- **Records shown**:
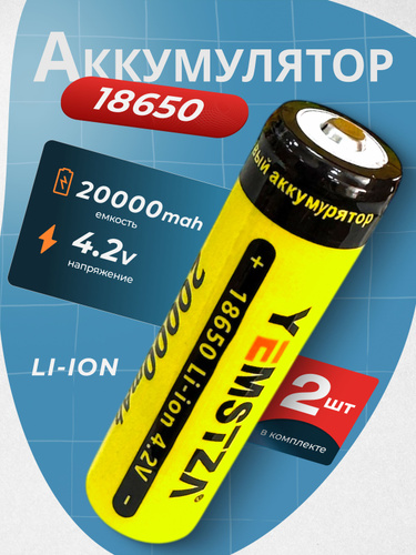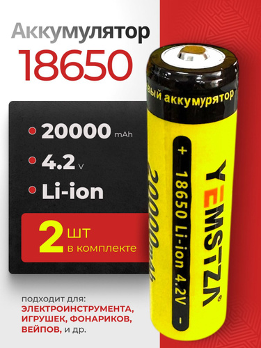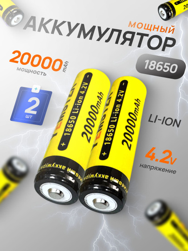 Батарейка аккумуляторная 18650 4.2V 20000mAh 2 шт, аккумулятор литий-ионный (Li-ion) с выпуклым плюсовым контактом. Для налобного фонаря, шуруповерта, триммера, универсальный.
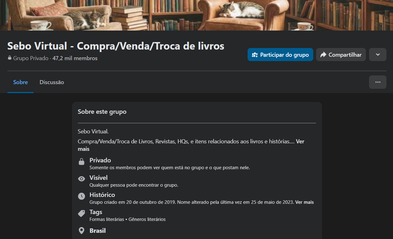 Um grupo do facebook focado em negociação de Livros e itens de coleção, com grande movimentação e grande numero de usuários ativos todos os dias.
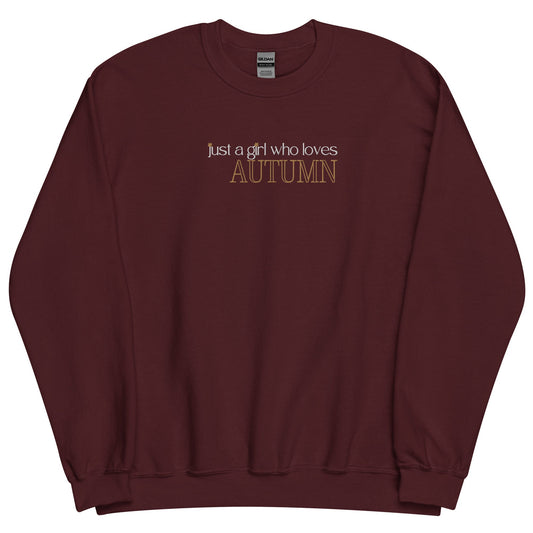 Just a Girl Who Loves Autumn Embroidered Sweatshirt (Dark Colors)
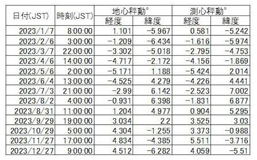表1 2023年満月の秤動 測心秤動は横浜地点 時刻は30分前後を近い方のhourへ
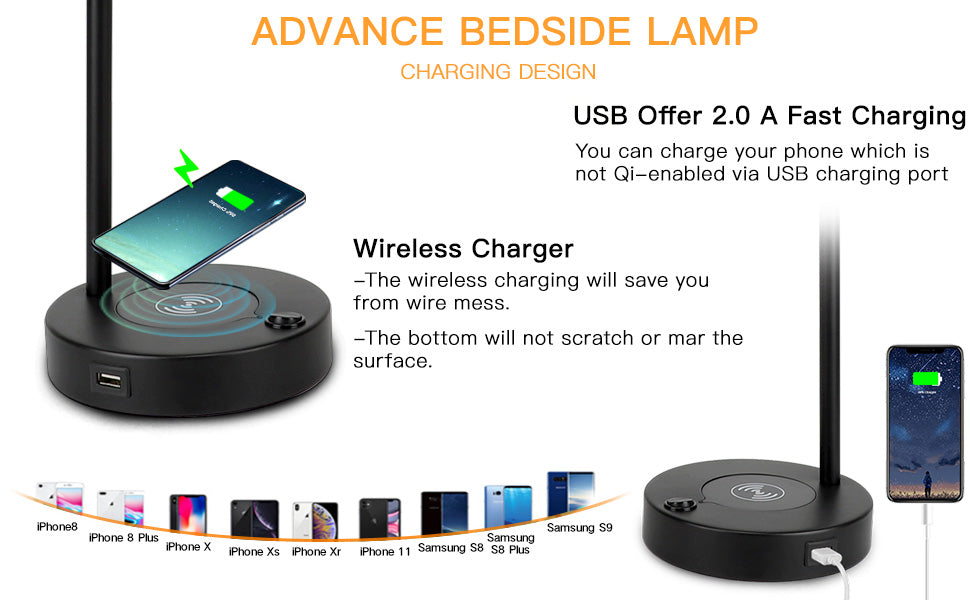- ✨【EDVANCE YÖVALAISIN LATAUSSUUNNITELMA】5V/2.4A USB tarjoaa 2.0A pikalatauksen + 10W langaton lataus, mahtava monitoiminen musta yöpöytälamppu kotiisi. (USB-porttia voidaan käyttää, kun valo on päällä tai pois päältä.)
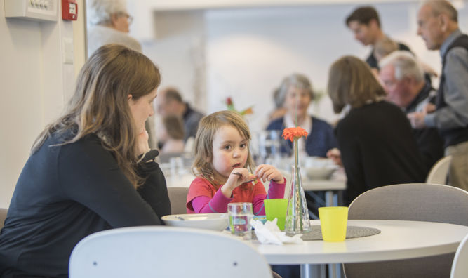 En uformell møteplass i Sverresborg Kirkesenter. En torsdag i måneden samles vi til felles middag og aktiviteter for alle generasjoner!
...
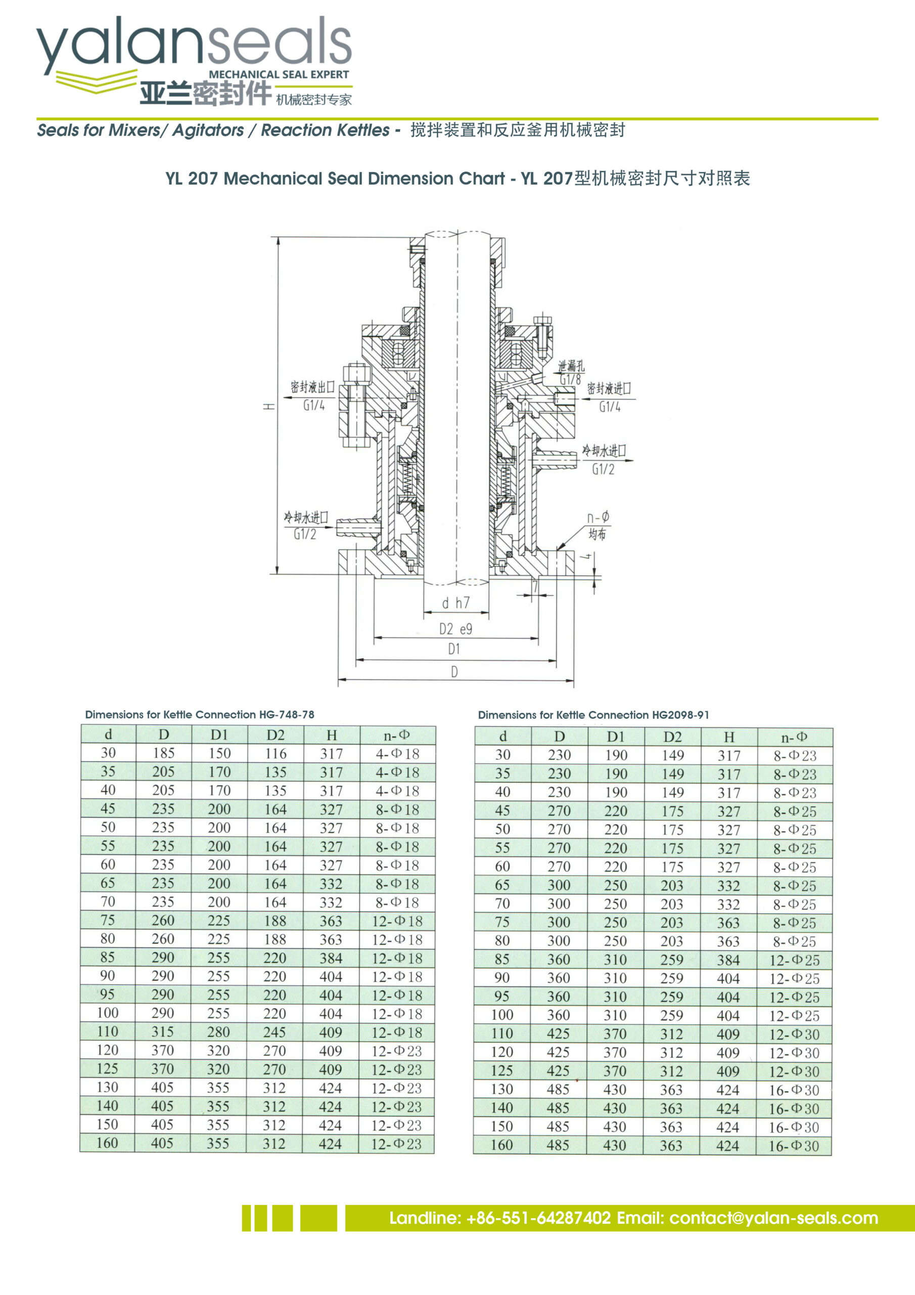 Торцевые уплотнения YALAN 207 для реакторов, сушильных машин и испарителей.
--
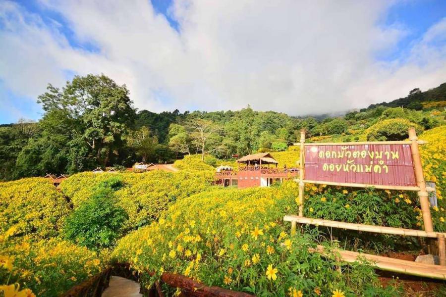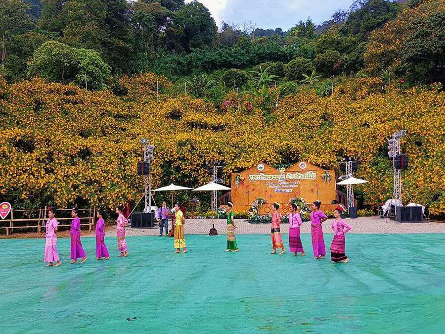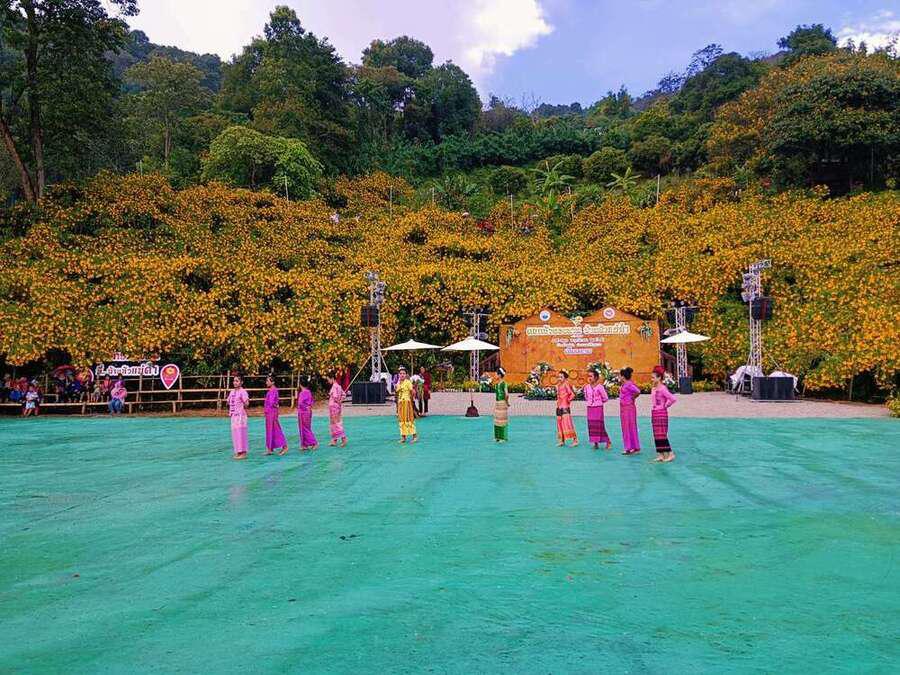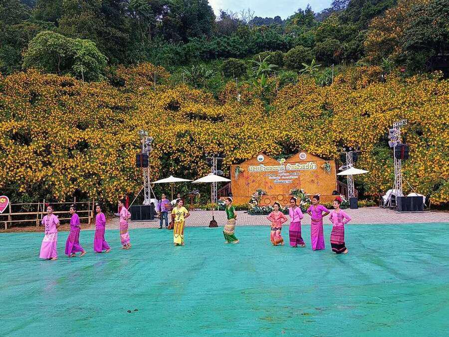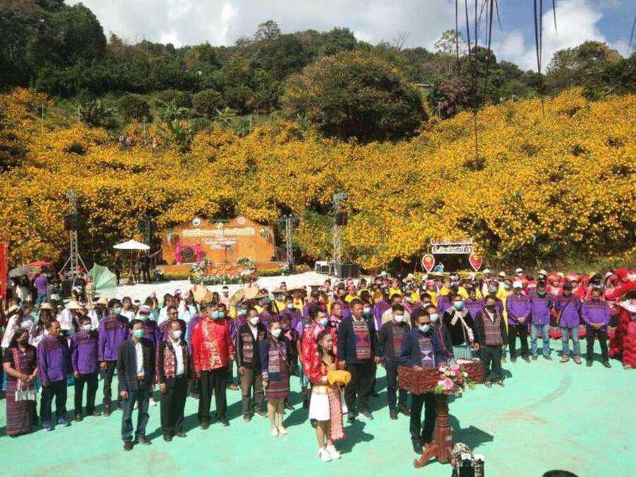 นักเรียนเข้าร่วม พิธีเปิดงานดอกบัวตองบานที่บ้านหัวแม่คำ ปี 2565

- **Your instructions**:
Among the records above, locate the line containing "Батарейка аккумуляторная 18650" and the line containing "En uformell møteplass", then transcribe exactly the lines starting at the first and ending at the second, with no pictures.

- **Exercise response**:
 Батарейка аккумуляторная 18650 4.2V 20000mAh 2 шт, аккумулятор литий-ионный (Li-ion) с выпуклым плюсовым контактом. Для налобного фонаря, шуруповерта, триммера, универсальный.
 Um grupo do facebook focado em negociação de Livros e itens de coleção, com grande movimentação e grande numero de usuários ativos todos os dias.
 Just a Girl Who Loves Autumn Embroidered Sweatshirt (Dark Colors)
表1 2023年満月の秤動 測心秤動は横浜地点 時刻は30分前後を近い方のhourへ
- ✨【EDVANCE YÖVALAISIN LATAUSSUUNNITELMA】5V/2.4A USB tarjoaa 2.0A pikalatauksen + 10W langaton lataus, mahtava monitoiminen musta yöpöytälamppu kotiisi. (USB-porttia voidaan käyttää, kun valo on päällä tai pois päältä.)
 En uformell møteplass i Sverresborg Kirkesenter. En torsdag i måneden samles vi til felles middag og aktiviteter for alle generasjoner!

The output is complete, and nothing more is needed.